During the COVID‐19 pandemic, plastic surgeons enhanced their safety protocols. They re‐evaluated their aesthetic practices to ensure optimal patient safety, especially elective procedures using energy‐based devices and lasers. Previous studies have shown that the plume emitted by these devices contain tissue debris and aerosolized biological materials that could transmit viruses and bacteria.
A study “Plume Effect of Fractional Radiofrequency Versus Laser Resurfacing: Considerations in the COVID‐19 Pandemic” recommends that plastic surgeons should use devices that generate little to no plume, such as radiofrequency devices, to minimize the risk of laser plume‐associated pathogen transmission during the reopening of practices in Phase 1. The study by bodySCULPT plastic surgeon Spero J. Theodorou, MD et al, was published in Lasers in Surgery and Medicine on November 8, 2020. The study also suggests that it is best to avoid treatment with Er:YAG laser resurfacing devices, and if used, these should only be “used with appropriate personal protective equipment in addition to a smoke evacuator in Phase IV reopening.”
The pilot study aimed to evaluate plume characteristics of the Sciton Joule Er:YAG laser ablative resurfacing device and fractional radiofrequency InMode Morpheus8. With the knowledge of the plume characteristics of these devices, researchers were able to assess the potential risks involved and better understand how to protect themselves and their patients.
For the study, the researchers treated five appropriate patients seeking aesthetic skin resurfacing of the face and neck with the Sciton Joule Er:YAG laser and/or InMode Morpheus8 fractional radiofrequency device. Two patients underwent Er:YAG fractional resurfacing in addition to fractional radiofrequency during the same treatment session. Two had fractional radiofrequency only, and one patient had laser treatment with the Er:YAG only. None of these patients had prior aesthetic facial treatment over the prior 4 months.
The study data demonstrated that the:
- There were no adverse events recorded during or after treatment.
- Er:YAG resurfacing laser emits more than 4 times the particles when compared with fractional radiofrequency.
- Fractional radiofrequency did not emit plumes significantly above ambient baseline particle readings of the exam room environment.
- With the addition of the smoke evacuator, a 50% reduction was demonstrated in both particles per second recorded as well as all particle sizes.
- When comparing the results, it was found that there was no visible plume from the fractional radiofrequency device, whereas there was a clearly visible plume from the Er:YAG laser.
Through this study, researchers were able to provide guidance to practitioners on the potential for viral transmission by comparing the plume generated by RF-based microneedling and Er:YAG fractional skin resurfacing. According to the study, “the U.S. Occupational Safety and Health Administration (OSHA) currently has no regulatory requirements for protection against plume emission from energy‐based devices and lasers devices. However, several professional societies, including the American Society for Lasers in Medicine and Surgery (ASLMS) have recommended guidelines to protect patients and practitioners”.

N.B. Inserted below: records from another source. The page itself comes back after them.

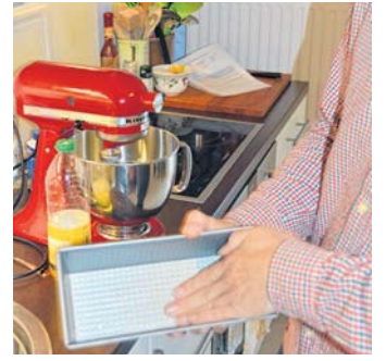
Ölen Sie die Backform ein, dann mit Klarsichtfolie auslegen.

3. Aprikosenkonfitüre leicht erwärmen und die Kekse auf jeweils einer Seite damit bestreichen. Eine Kastenform leicht einölen und mit Klarsichtfolie auslegen. 3-4 El der Schokoladencreme in der Form verteilen und glatt streichen. Die kleinsten Kekse mit der bestrichenen Seite auf die Creme legen und andrücken. Restliche Creme und Kekse
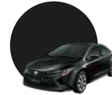
209 | BLACK MC
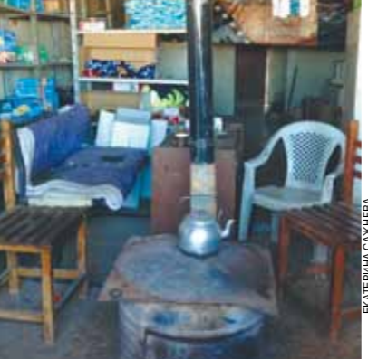
На блокпосту по дороге в Дамаск все спокойно.

— Зарплату переводят на карточку? — Как сам захочешь. Обычно на карточку жене или кому скажешь, да.
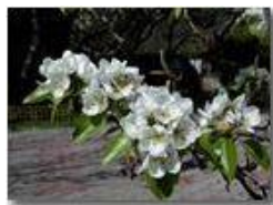
I fiori del pero

Pietro Marcheselli - Olympus Camedia 3000 2002 - Estate - Savignone - Fiori&Fauna

The researchers concluded that though the study shows the necessity of using PPE such as masks, eye protection, and smoke evacuation systems with Er: YAG, further studies are required to characterize the viability of COVID-19 and its transmissibility via plume specimens.
Study author Dr Spero J. Theodorou is bodySCULPT® plastic surgeon and InMode’s Chief Medical Officer. Dr Theodorou has extensive training in radiofrequency-assisted and other power-assisted liposuction procedures. He is responsible for the development of all of InMode’s procedures, clinical studies and training. Dr Theodorou was instrumental in the development and introduction of EmbraceRF, the innovative facial contouring solution, that blends InMode’s FaceTite and Morpheus8.